Life Before Man
- Cover of the first edition
- Author: Margaret Atwood
- Language: English
- Publisher: McClelland & Stewart
- Publication date: 1979
- Publication place: Canada
- Media type: Print
- Pages: 317
- ISBN: 0-7710-0807-4

= Life Before Man =

Novel by Canadian writer Margaret Atwood

Life Before Man is a novel by Canadian writer Margaret Atwood. It was first published by McClelland and Stewart in 1979 and was a finalist for the Governor General's Award.

==Plot==

The novel has three principal characters: Nate, Elizabeth and Lesje. Nate and Elizabeth are an unhappily married couple, with both husband and wife involved in extramarital affairs. Lesje, pronounced 'Lashia,' is Nate's lover of mixed (Ukrainian and Jewish) ancestry and works along with his wife in the department of paleontology in Royal Ontario Museum in Toronto as a paleontologist fascinated by dinosaurs, giving the book its title. (Both the museum and the city are described in the book in great detail and are immediately recognizable.

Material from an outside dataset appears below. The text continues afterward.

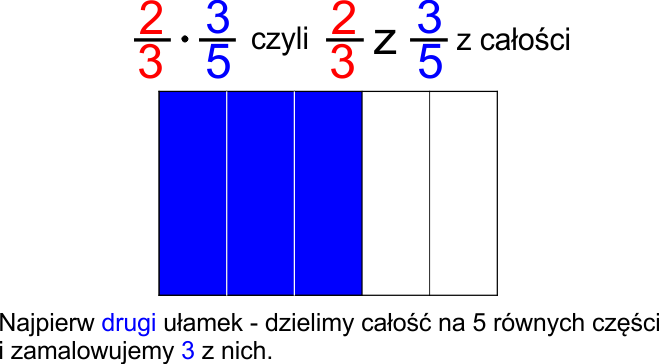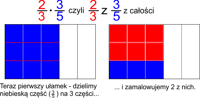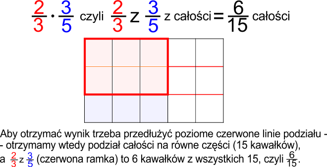 Idea pierwszego programu graficznej interpretacji mnożenia ułamków opiera się na obliczaniu ułamka z liczby, którą akurat tutaj jest drugi ułamek.

The author also pays a lot of attention to Lesje's search of identity; her mixed ethnic roots caused her in the past and continue to cause her considerable anguish.) Elizabeth, said to have been inspired by Shirley Gibson, ex-wife of Atwood's partner Graeme Gibson, also takes a lover, Chris, who recently died by suicide. All three of the novel's main characters influence the narration, with each chapter presenting events from a particular character's perspective.

==Reception and reviews==
Feminist author Marilyn French gave the novel a positive review in the New York Times, calling it a "splendid, fully integrated work."